**Task details:** Pictures excluded, output the lines of the data below between the one holding "Con un rodillo" and the one holding "Die bereits gezeigte", inclusive, exactly as they stand.

**** Supplied material ****

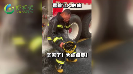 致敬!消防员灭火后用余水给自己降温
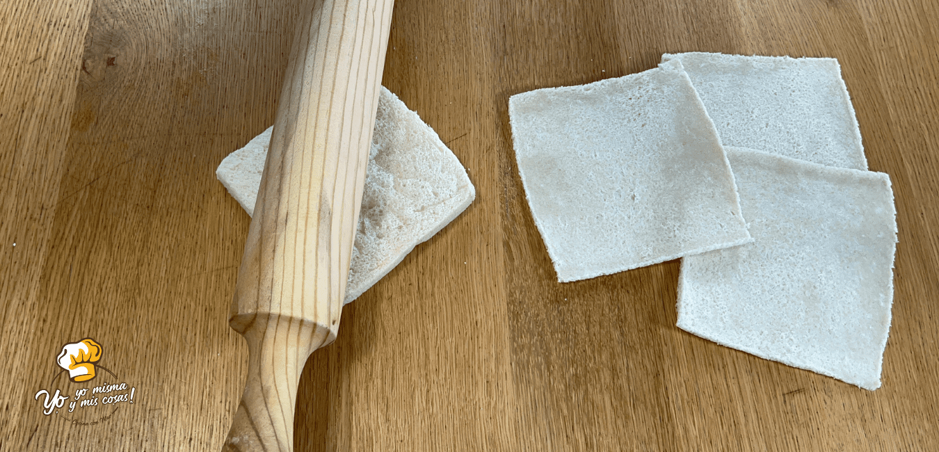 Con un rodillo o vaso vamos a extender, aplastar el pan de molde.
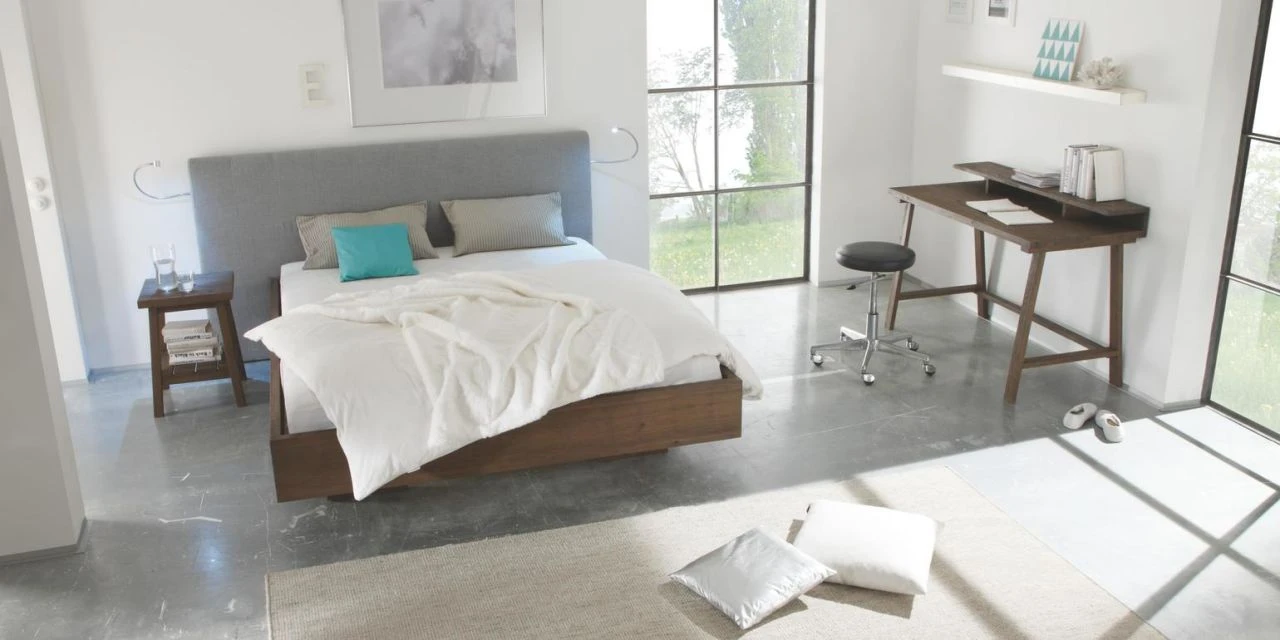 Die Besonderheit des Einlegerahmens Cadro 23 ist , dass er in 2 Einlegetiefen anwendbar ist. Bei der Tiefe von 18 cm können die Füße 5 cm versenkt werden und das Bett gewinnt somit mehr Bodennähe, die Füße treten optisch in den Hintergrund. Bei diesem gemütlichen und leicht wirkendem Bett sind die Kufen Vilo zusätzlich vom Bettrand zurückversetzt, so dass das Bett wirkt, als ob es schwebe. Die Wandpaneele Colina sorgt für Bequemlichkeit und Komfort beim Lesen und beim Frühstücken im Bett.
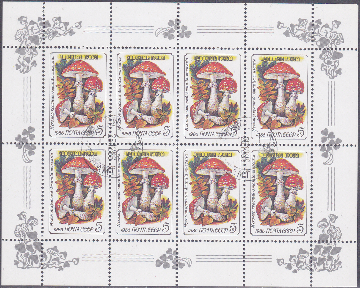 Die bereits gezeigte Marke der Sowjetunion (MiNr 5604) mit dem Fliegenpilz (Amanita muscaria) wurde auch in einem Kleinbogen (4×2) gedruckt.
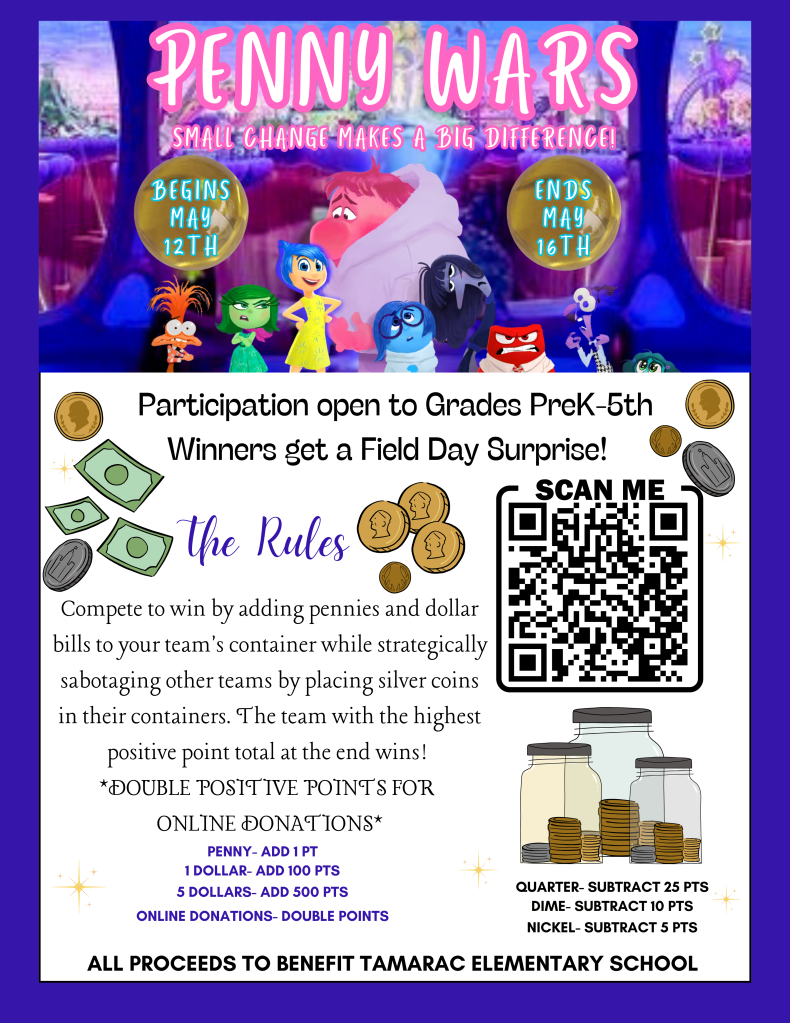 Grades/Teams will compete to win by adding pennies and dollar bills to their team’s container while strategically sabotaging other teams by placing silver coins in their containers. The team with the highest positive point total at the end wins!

****

**Solution for this task:**
 Con un rodillo o vaso vamos a extender, aplastar el pan de molde.
 Die Besonderheit des Einlegerahmens Cadro 23 ist , dass er in 2 Einlegetiefen anwendbar ist. Bei der Tiefe von 18 cm können die Füße 5 cm versenkt werden und das Bett gewinnt somit mehr Bodennähe, die Füße treten optisch in den Hintergrund. Bei diesem gemütlichen und leicht wirkendem Bett sind die Kufen Vilo zusätzlich vom Bettrand zurückversetzt, so dass das Bett wirkt, als ob es schwebe. Die Wandpaneele Colina sorgt für Bequemlichkeit und Komfort beim Lesen und beim Frühstücken im Bett.
 Die bereits gezeigte Marke der Sowjetunion (MiNr 5604) mit dem Fliegenpilz (Amanita muscaria) wurde auch in einem Kleinbogen (4×2) gedruckt.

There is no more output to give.